Tips

Contents

Tips#

Oracle selection#

If you have true references, you can get the oracle outputs.

The below is an example of COMET oracle selection.

Tip

MBR decoding with a single true reference selects the oracle hypothesis.

from mbrs.metrics import MetricCOMET
from mbrs.decoders import DecoderMBR

SOURCE = "ありがとう"
TRUE_REFERENCES = ["Thank you"]
HYPOTHESES = ["Thanks", "Thank you", "Thank you so much", "Thank you.", "thank you"]

metric_cfg = MetricCOMET.Config(model="Unbabel/wmt22-comet-da")
metric = MetricCOMET(metric_cfg)
decoder_cfg = DecoderMBR.Config()
decoder = DecoderMBR(decoder_cfg, metric)

output = decoder.decode(HYPOTHESES, TRUE_REFERENCES, source=SOURCE, nbest=1)

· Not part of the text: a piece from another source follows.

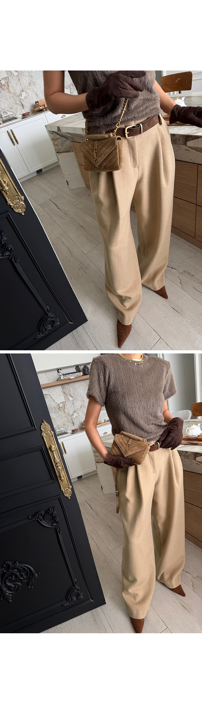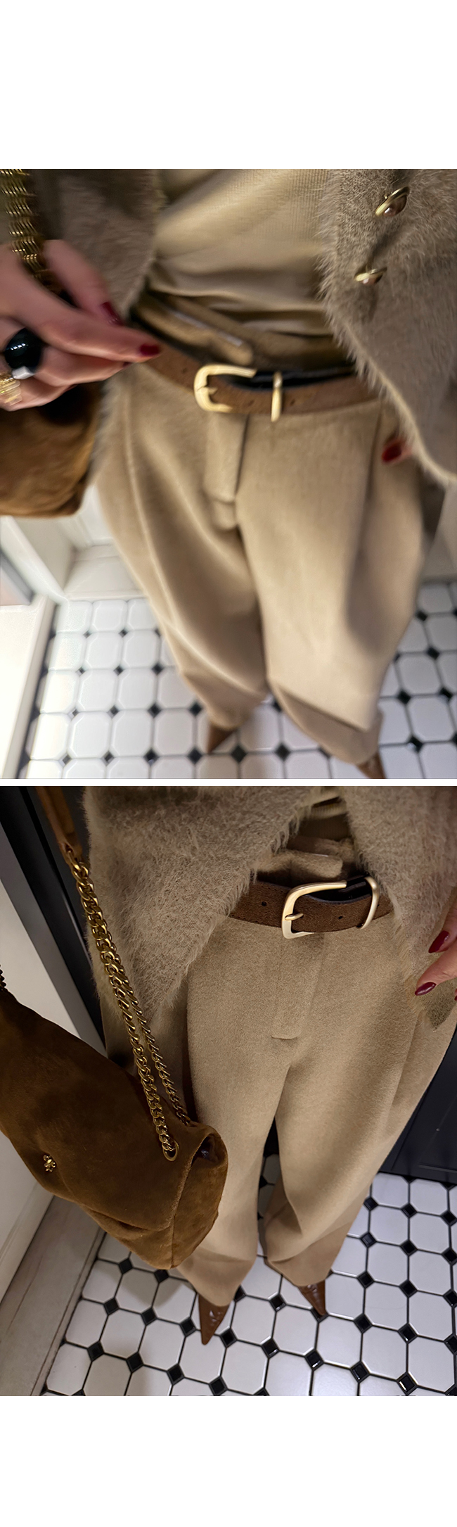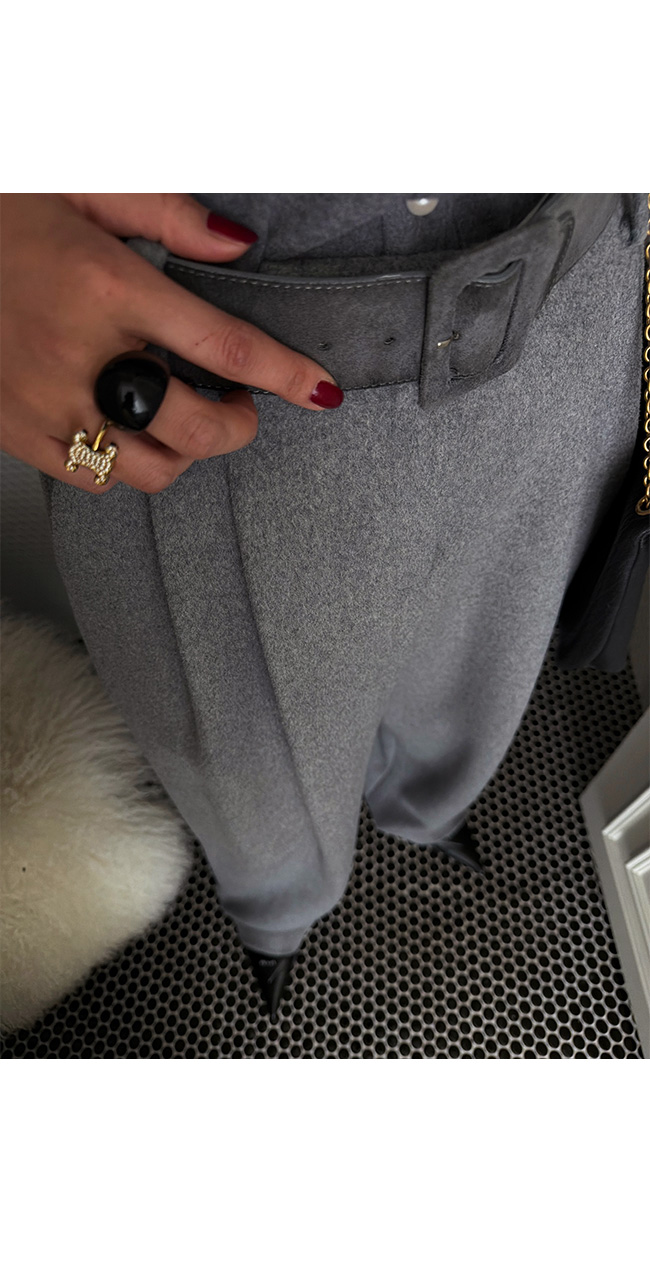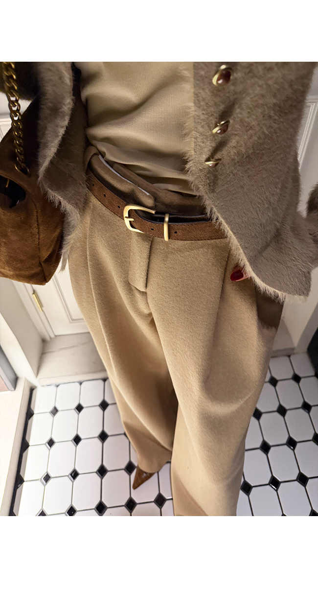 허리 부분은 벨트 고리가 더해진 단정한 디자인으로

print(f"Selected index: {output.idx}")
print(f"Output sentence: {output.sentence}")
print(f"Expected score: {output.score}")
mbrs-decode \
  hypotheses.txt \
  --num_candidates 1024 \
  --references true_references.txt \
  --num_references 1 \
  --source sources.txt \
  --output oracle_translations.txt \
  --decoder mbr \
  --metric comet --metric.model "Unbabel/wmt22-comet-da"